[Segmentation fault] python3 torchchat.py export stories15M --dtype fp32 --quantize '{"embedding": {"bitwidth": 4, "groupsize":32}, "linear:a8w4dq": {"groupsize" : 256}}' --output-pte-path stories15M.pte

mikekgfb commented 1 month ago

https://github.com/pytorch/torchchat/actions/runs/9047866134/job/24860312456?pr=751

This is a launch blocker for torchchat because it causes a fail for users following the example commands in our docs.

  + python3 torchchat.py export stories15M --dtype fp32 --quantize '{"embedding": {"bitwidth": 4, "groupsize":32}, "linear:a8w4dq": {"groupsize" : 256}}' --output-pte-path stories15M.pte
  /opt/homebrew/Caskroom/miniconda/base/envs/test-quantization-mps-macos/lib/python3.10/site-packages/executorch/exir/emit/_emitter.py:1474: UserWarning: Mutation on a buffer in the model is detected.

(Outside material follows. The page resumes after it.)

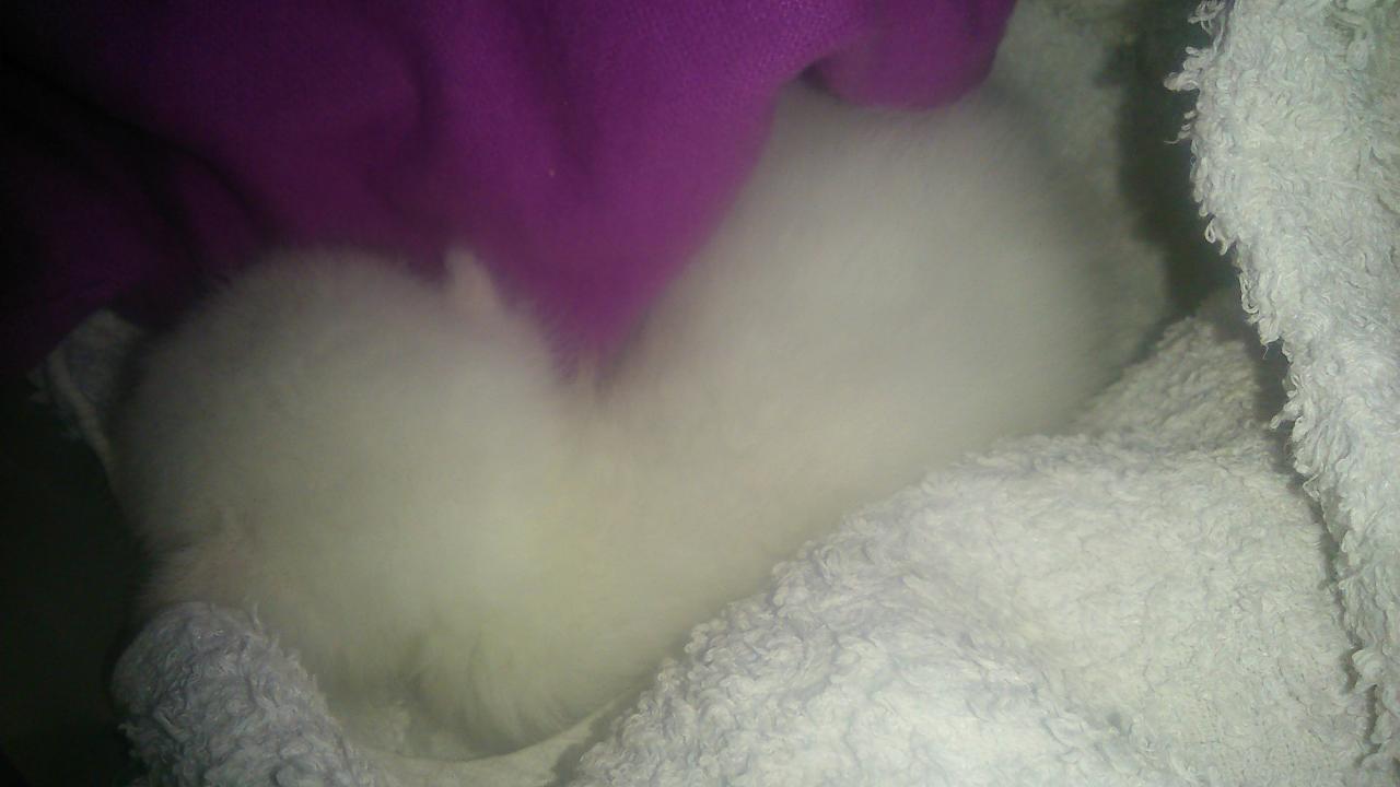 Малыш сразу выпил 20 кубиков молочка, хотел еще, но ему нельзя больше. Потом его посадили в переносочку возле инфракрасной лампы, он повис на решетке лапочками и пытался согреть свое лысенькое пузико)) так и висел, картина просто умилительная.

ExecuTorch assumes buffers that are mutated in the graph have a meaningless initial state, only the shape and dtype will be serialized.
    warnings.warn(
  Using device=cpu
  Loading model...
  Time to load model: 0.01 seconds
  Quantizing the model with: {'embedding': {'bitwidth': 4, 'groupsize': 32}, 'linear:a8w4dq': {'groupsize': 256}}
  Time to quantize model: 7.83 seconds
  Exporting model using ExecuTorch to /Users/ec2-user/runner/_work/torchchat/torchchat/pytorch/torchchat/stories15M.pte
  The methods are:  {'forward'}
  + python3 generate.py stories15M --pte-path stories15M.pte --prompt 'Hello my name is'
  [program.cpp:130] InternalConsistency verification requested but not available
  [method.cpp:939] Overriding output data pointer allocated by memory plan is not allowed.
  ./run-quantization.sh: line 27: 18269 Segmentation fault: 11  python3 generate.py stories15M --pte-path stories15M.pte --prompt "Hello my name is"
  Error: Process completed with exit code 1.

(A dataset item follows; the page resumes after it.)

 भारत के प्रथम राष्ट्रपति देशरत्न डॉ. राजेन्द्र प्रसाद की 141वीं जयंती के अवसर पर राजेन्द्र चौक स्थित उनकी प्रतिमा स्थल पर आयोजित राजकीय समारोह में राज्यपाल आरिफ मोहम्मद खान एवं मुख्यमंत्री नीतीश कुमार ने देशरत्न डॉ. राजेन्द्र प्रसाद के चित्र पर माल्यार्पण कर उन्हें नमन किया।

mikekgfb commented 1 month ago

Also https://github.com/pytorch/torchchat/actions/runs/9054732211/job/24874908070?pr=768

mergennachin commented 1 month ago

thanks for reporting.

@mikekgfb tried reproducing locally. but can't so far. is it reproducible for you consistently or happened randomly?

mikekgfb commented 1 month ago

Consistently reproducible both in ci and locally

mcr229 commented 1 month ago

I wonder if this is caused by the CI flow exporting to the same file name and there being some collision with multiple threads exporting to the same named .pte file. And when running the model, there was some corruption with the file causing segfault.

do you mind sharing the model artifact causing seg fault? Can help with jumpstarting the debug for this.

mikekgfb commented 4 weeks ago

I wonder if this is caused by the CI flow exporting to the same file name and there being some collision with multiple threads exporting to the same named .pte file. And when running the model, there was some corruption with the file causing segfault.

do you mind sharing the model artifact causing seg fault? Can help with jumpstarting the debug for this.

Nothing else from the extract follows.